▶ Entries shown:
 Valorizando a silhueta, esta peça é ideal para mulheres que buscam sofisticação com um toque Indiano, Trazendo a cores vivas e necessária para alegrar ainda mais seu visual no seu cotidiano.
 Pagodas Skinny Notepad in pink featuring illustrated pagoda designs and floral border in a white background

--

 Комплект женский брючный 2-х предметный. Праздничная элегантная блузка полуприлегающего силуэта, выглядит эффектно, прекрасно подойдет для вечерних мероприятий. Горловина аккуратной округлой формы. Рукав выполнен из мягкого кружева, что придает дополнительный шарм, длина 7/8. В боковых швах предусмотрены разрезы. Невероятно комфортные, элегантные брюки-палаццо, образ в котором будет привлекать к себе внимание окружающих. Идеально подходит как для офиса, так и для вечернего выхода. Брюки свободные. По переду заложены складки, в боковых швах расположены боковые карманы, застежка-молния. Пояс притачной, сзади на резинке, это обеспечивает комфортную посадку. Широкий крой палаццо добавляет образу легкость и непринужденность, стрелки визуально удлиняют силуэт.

▶ Aim of the exercise: There is a line with "Valorizando a silhueta, esta" and a line with "Pagodas Skinny Notepad" above. Copy exactly those two lines and all lines between them, with nothing else.

▶ Task result:
 Valorizando a silhueta, esta peça é ideal para mulheres que buscam sofisticação com um toque Indiano, Trazendo a cores vivas e necessária para alegrar ainda mais seu visual no seu cotidiano.
 Pagodas Skinny Notepad in pink featuring illustrated pagoda designs and floral border in a white background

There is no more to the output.